“Crescere sfruttando le sinergie, senza perdere la nostra identità”: nelle parole di Luca Randighieri il percorso di SABO, che evolve attraverso nuove competenze, nuovi prodotti e nuove applicazioni, mantenendo saldi i valori che hanno costruito il marchio.
Oggi, dietro quel marchio, si sta scrivendo un nuovo capitolo: l'ingresso in TVS Mobility ha dato impulso a un percorso di crescita fondato su sinergie industriali, ampliamento della gamma e sviluppo internazionale, nel segno della continuità con i valori che hanno reso SABO un punto di riferimento per il mercato.

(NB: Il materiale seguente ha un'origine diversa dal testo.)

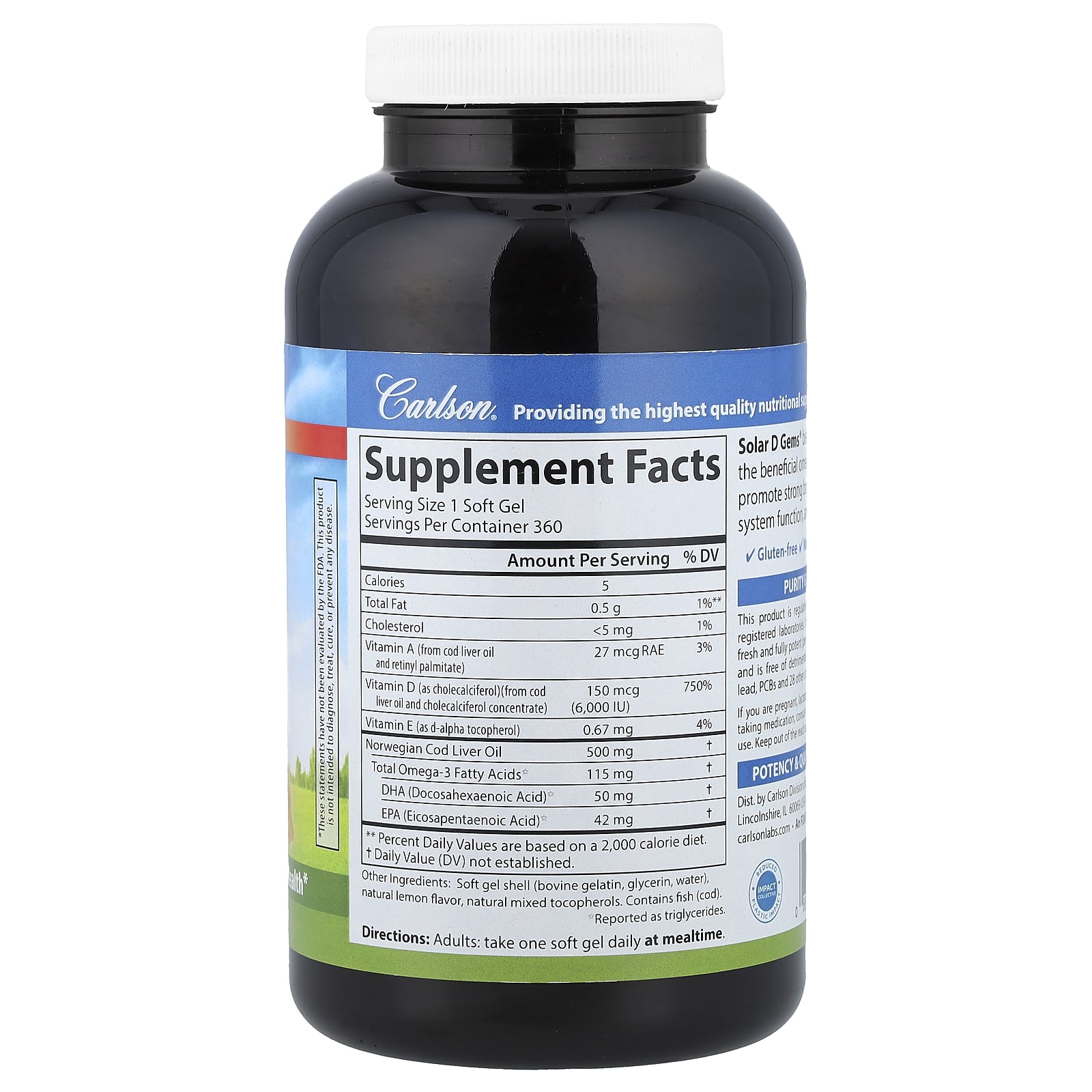 Solar D Gems® сочетает в себе витамин D3 с полезными омега-3 (ЭПК и ДГК) для укрепления костей, нормальной работы иммунной системы и здоровья сердца.

Per capire come sta evolvendo una realtà che affonda le proprie radici nel cuore della Motor Valley italiana e quali saranno le direttrici di sviluppo dei prossimi anni, abbiamo incontrato Luca Randighieri, direttore generale SABO.
In azienda dal 2017, ha vissuto in prima persona il percorso che ha portato all'ingresso nel gruppo internazionale e oggi guida una nuova fase di sviluppo in cui crescita, internazionalizzazione e ampliamento della gamma si affiancano alla volontà di preservare l'identità che ha reso SABO un marchio riconosciuto nel mondo.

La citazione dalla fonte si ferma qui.